Home

Awesome

TinyInt.jl

Build Status

TinyInt.jl is a Julia package for compressing integer vectors very quickly. Elements of the compressed integer vector can be accessed just as you would with a normal vector.

Requirements

Instalation

julia> Pkg.add("TinyInt")
julia> Pkg.test("TinyInt")

What is TinyInt.jl?

TinyInt.jl quickly compresses and decompresses vectors of unsigned integers.

using TinyInt

x = rand(1:100, 20000000)
tinyx = pack(x)
Base.summarysize(x)
# 160000000
Base.summarysize(tinyx)
# 19531282

Compression is fairly fast.

function pack_example(x)
  tinyx = pack(x)
end

x = rand(1:100, 20000000)
@time pack_example(x)
# 0.043057 seconds (156.52 k allocations: 32.373 MiB)

Decompression is very fast.

function unpack_example(tinyx, out)
  unpack!(tinyx, out)
end

tinyx = pack(rand(1:100, 20000000))
out = zeros(UInt32, 20000000)
@time unpack_example(tinyx, out)
# 0.010429 seconds (5 allocations: 784 bytes)

Additionally, individual elements can be selected, but with a bit of CPU overhead.

function select_example(x)
  y = 0
  for i = 1:length(x)
    y += x[i]
  end
end

x = rand(1:100, 20000000)
tinyx = pack(x)
@time select_example(x)
# 0.009573 seconds (4 allocations: 160 bytes)
@time select_example(tinyx)
# 0.168778 seconds (4 allocations: 160 bytes)

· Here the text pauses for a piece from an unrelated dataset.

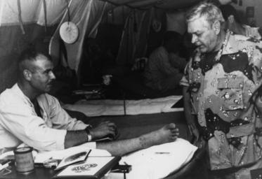 Keywords: blackandwhite monochrome black and white Navy Surgeon General Vice Admiral James A. Zimble, Medical Corps, U.S. Navy, right, chats with a patient during a visit to Fleet Hospital 5. Zimble commended Navy medical personnel at the Navy's first activated fleet hospital for providing the best medical care possible. [Persian Gulf War.] Desert Storm Photos. 12/1990; U.S. Navy Photo by HM2 Jim Moyer. 09-7988-101 Navy Surgeon General Vice Admiral James A. Zimble, Medical Corps, U.S. Navy, right, chats with a patient during a visit to Fleet Hospital 5. Zimble commended Navy medical personnel at the Navy's first activated fleet hospital for providing the best medical care possible. [Persian Gulf War.] Desert Storm Photos. 12/1990; U.S. Navy Photo by HM2 Jim Moyer. 09-7988-101 |

These times are from a quad-core Intel® Core™ i7-4790 CPU @ 3.60GHz

Functions

FunctionDescription
pack(x)Compresses integer vector and outputs compressed integer vector.
unpack(tinyx)Decompresses integer vector and outputs decompressed integer vector.
unpack!(tinyx, out)Decompresses integer vector, storing decompressed integers into out.
tinyx[i]Outputs the i'th integer from a compressed vector.
length(tinyx)Outputs the number of elements in a compressed vector.

Low-level Functions

These functions are provided in order to give developers low-level access to the chunks of the compressed array.

Function                                         Description
unpack(tinyx, chunk)Decompresses an integer vector chunk and outputs decompressed integer vector chunk.
unpack!(tinyx, out, chunk)Decompresses an integer vector chunk, storing decompressed integers into out. <br />Important! Ensure out is a contiguous array of 128 UInt32 integers. This function performs no bounds checking and is intended for speed critical applications.

Notes

References

This Julia package uses the Frame-of-Reference compression code from the SIMDComp library.